------ Dataset records

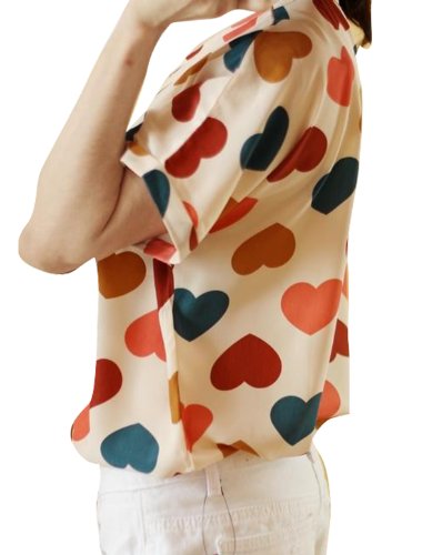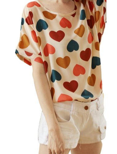 - Scoop Neck, Short Sleeve, Pullover, Hearts, Cuffed, Multicolor, Casual Loose Blouse.
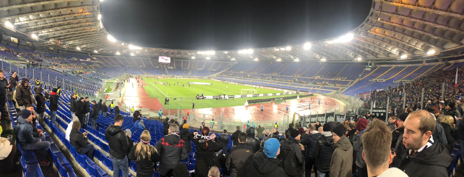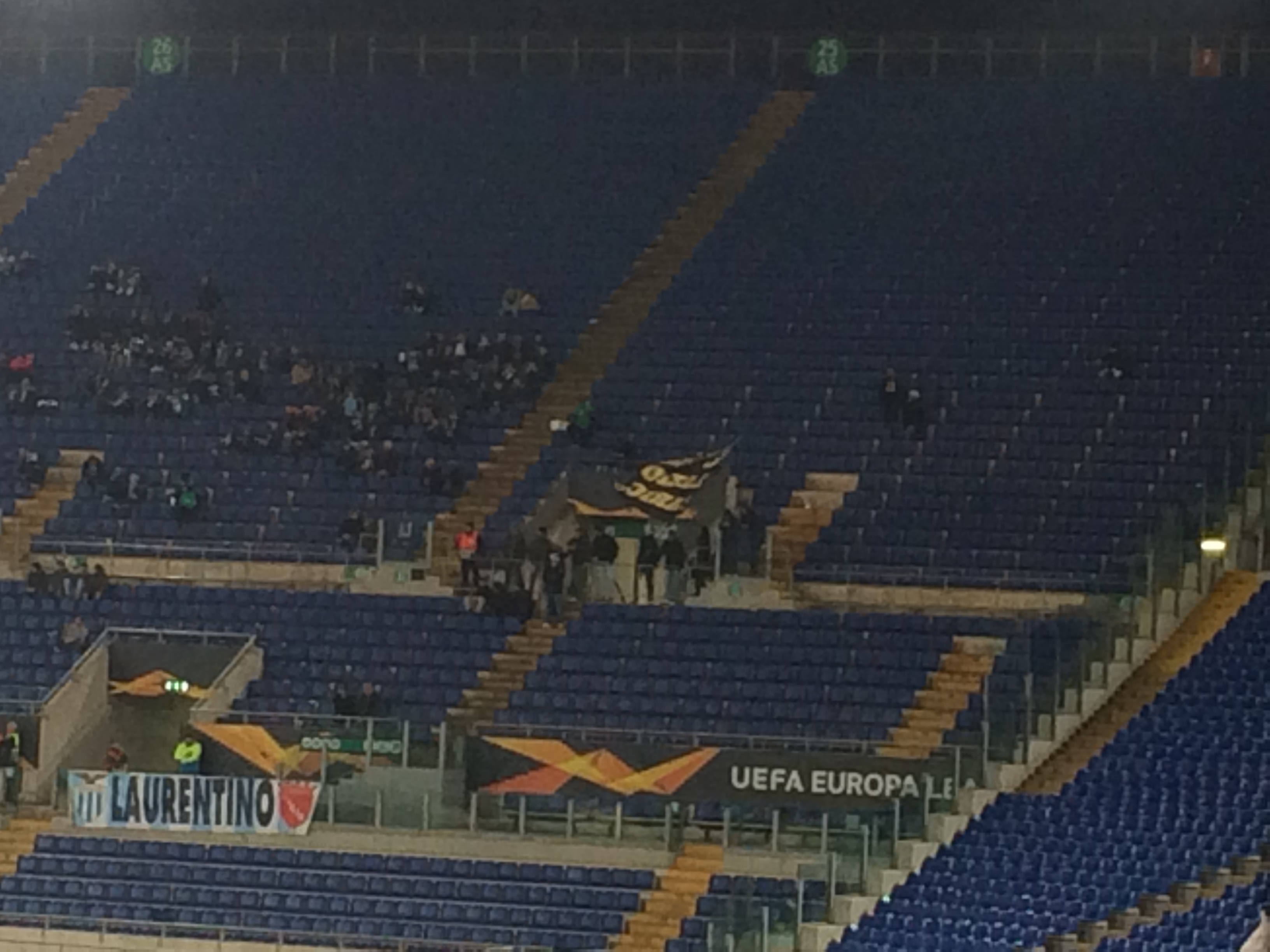 Bengalische auf Polizei, Ordner und Lazialies geworden, wobei die Gruppe die über die Gegentribüne kam, ganz klar der Auslöser war, durch ihre Provokationen.
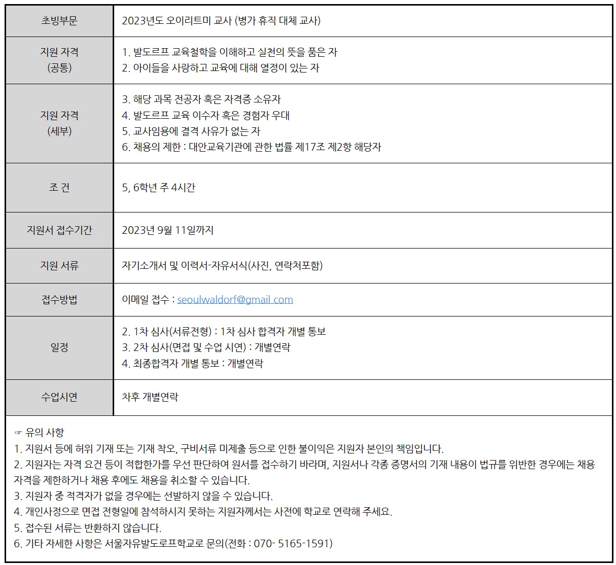 서울자유발도르프학교에서 오이리트미 교사를 초빙합니다.
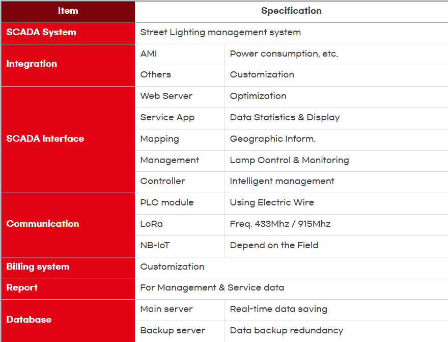 IoT management system (hereinafter referred to as SCADA) can automatically make light switches on/off, remote control, and real-time event alarm on the system. SCADA system consists of task management, remote control of the customized functions, power consumption management, the local communication channel, and other equipment. So our SCADA system can help save energy and human resources also, significantly it can reduce street light maintenance costs.
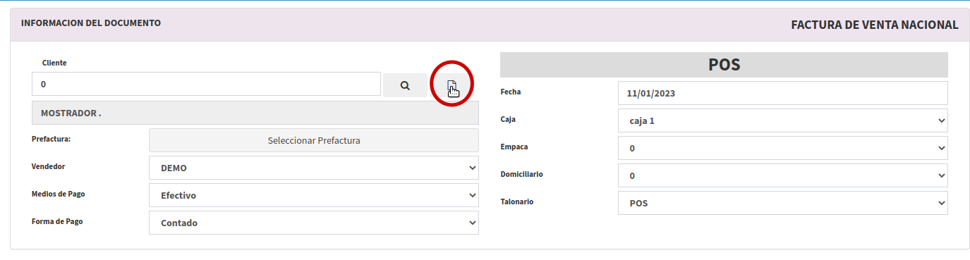 Para la creación de una factura POS es trascendental tener un cliente o proveedor creado con anterioridad. Si no tiene un cliente o proveedor, por favor registre un nuevo cliente o proveedor para dicha facturación; en caso de que ya tenga un cliente registrado, se ignora el Paso 1.

------------

• _Exercise details_: Would you please output only the lines from the start of the material above up to and including the line with "Bengalische auf Polizei, Ordner", exactly as they appear and without pictures?

• _Response area_:
 - Scoop Neck, Short Sleeve, Pullover, Hearts, Cuffed, Multicolor, Casual Loose Blouse.
 Bengalische auf Polizei, Ordner und Lazialies geworden, wobei die Gruppe die über die Gegentribüne kam, ganz klar der Auslöser war, durch ihre Provokationen.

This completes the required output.